◆ Exercise requirements: State how many lines in the listing below contain the word "with", and write nothing else.
┏━━
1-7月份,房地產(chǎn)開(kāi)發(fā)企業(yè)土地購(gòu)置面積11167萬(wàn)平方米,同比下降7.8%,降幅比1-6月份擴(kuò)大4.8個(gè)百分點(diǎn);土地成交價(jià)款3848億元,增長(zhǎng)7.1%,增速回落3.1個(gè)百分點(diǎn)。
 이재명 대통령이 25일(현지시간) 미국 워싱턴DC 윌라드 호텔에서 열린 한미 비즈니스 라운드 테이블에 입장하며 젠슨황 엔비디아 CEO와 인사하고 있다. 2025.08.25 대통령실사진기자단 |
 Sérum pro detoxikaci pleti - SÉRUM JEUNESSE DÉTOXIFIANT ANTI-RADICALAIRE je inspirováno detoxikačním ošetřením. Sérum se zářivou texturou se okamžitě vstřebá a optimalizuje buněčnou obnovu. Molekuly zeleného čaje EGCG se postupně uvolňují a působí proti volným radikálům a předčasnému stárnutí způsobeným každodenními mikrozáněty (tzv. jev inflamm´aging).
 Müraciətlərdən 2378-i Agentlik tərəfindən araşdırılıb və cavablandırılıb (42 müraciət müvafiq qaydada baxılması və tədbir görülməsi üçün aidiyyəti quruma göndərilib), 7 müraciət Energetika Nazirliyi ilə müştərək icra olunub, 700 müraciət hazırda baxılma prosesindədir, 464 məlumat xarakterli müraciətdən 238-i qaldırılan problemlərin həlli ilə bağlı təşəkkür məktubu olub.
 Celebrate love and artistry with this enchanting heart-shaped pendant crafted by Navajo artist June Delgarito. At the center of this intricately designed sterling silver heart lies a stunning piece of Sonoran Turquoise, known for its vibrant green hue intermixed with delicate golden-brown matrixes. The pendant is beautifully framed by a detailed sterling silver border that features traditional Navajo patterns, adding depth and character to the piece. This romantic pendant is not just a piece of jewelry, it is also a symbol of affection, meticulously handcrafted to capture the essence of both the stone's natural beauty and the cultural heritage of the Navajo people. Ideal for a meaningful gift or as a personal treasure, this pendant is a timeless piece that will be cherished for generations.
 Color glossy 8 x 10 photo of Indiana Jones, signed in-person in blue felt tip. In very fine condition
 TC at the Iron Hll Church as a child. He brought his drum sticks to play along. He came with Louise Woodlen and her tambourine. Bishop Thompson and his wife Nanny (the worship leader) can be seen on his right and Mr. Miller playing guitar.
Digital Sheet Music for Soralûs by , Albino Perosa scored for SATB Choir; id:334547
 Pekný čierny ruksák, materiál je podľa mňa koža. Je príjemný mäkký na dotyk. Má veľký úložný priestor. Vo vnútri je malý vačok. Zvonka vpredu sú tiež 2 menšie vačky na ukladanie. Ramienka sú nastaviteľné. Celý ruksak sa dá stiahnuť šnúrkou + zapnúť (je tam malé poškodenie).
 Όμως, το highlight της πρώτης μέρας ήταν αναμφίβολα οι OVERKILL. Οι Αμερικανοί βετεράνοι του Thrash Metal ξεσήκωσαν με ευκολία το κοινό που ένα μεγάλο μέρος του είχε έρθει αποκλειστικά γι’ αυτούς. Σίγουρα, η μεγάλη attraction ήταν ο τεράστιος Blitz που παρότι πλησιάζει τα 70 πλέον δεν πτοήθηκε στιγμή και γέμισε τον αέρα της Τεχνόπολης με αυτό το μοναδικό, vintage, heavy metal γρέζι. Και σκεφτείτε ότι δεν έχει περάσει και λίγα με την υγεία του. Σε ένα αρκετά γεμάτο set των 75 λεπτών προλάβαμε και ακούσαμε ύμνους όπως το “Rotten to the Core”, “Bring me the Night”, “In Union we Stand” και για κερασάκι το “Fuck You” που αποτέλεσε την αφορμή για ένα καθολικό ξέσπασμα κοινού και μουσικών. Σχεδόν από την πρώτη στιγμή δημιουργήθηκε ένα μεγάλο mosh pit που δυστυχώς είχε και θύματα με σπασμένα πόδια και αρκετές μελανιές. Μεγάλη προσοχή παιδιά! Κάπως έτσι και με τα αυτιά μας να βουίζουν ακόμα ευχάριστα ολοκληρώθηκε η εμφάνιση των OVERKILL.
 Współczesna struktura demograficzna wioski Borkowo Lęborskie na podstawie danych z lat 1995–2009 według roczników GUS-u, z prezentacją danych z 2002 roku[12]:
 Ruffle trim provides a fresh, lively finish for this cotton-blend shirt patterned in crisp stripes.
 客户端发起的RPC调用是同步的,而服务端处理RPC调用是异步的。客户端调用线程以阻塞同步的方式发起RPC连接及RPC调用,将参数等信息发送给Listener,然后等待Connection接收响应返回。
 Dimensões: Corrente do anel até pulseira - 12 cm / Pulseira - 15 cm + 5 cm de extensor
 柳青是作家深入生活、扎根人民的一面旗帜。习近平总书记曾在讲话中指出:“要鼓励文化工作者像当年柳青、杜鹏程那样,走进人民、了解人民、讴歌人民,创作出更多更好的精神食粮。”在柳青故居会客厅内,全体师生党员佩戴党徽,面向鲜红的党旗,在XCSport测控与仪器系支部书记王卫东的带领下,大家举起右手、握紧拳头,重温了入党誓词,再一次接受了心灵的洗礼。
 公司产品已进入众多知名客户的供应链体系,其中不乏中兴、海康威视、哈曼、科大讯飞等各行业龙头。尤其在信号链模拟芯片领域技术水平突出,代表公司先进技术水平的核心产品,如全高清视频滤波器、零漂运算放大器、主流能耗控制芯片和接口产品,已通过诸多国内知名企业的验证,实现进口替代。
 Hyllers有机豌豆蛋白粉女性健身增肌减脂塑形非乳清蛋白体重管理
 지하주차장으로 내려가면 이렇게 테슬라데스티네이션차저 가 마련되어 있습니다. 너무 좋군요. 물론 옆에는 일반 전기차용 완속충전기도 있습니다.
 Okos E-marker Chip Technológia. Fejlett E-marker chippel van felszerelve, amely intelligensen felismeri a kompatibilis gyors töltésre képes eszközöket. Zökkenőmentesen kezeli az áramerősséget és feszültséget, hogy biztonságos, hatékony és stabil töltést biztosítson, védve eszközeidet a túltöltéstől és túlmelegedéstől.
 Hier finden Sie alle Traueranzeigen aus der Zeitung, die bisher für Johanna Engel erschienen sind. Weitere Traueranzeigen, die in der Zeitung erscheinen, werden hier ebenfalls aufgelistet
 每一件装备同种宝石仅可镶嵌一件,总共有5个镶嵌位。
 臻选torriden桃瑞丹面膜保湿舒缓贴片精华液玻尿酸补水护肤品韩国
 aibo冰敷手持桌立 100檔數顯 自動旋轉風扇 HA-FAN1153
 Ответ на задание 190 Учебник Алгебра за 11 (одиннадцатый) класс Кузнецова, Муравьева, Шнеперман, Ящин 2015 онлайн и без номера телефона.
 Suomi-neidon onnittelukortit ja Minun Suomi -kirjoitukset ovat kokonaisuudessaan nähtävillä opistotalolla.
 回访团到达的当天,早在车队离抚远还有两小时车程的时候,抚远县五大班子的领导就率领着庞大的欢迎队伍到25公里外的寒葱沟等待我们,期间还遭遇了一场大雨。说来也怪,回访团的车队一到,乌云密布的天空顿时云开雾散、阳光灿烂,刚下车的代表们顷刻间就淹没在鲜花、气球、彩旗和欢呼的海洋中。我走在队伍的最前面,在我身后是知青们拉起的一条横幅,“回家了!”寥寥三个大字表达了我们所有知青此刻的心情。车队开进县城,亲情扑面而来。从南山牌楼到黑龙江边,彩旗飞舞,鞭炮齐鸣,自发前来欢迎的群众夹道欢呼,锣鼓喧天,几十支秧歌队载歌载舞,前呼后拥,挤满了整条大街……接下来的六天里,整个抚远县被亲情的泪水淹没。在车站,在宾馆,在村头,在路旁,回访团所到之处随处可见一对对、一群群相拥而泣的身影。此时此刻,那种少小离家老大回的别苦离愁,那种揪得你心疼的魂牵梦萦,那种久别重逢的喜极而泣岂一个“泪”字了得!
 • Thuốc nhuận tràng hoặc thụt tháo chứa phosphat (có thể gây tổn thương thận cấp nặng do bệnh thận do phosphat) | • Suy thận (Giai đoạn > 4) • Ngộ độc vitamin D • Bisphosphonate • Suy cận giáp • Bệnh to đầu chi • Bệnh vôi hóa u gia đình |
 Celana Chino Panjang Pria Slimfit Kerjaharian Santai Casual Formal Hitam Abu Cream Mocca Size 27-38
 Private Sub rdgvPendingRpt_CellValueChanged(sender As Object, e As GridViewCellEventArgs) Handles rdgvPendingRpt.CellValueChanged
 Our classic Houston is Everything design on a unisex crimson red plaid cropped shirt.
┗━━
◆ Finished task: 2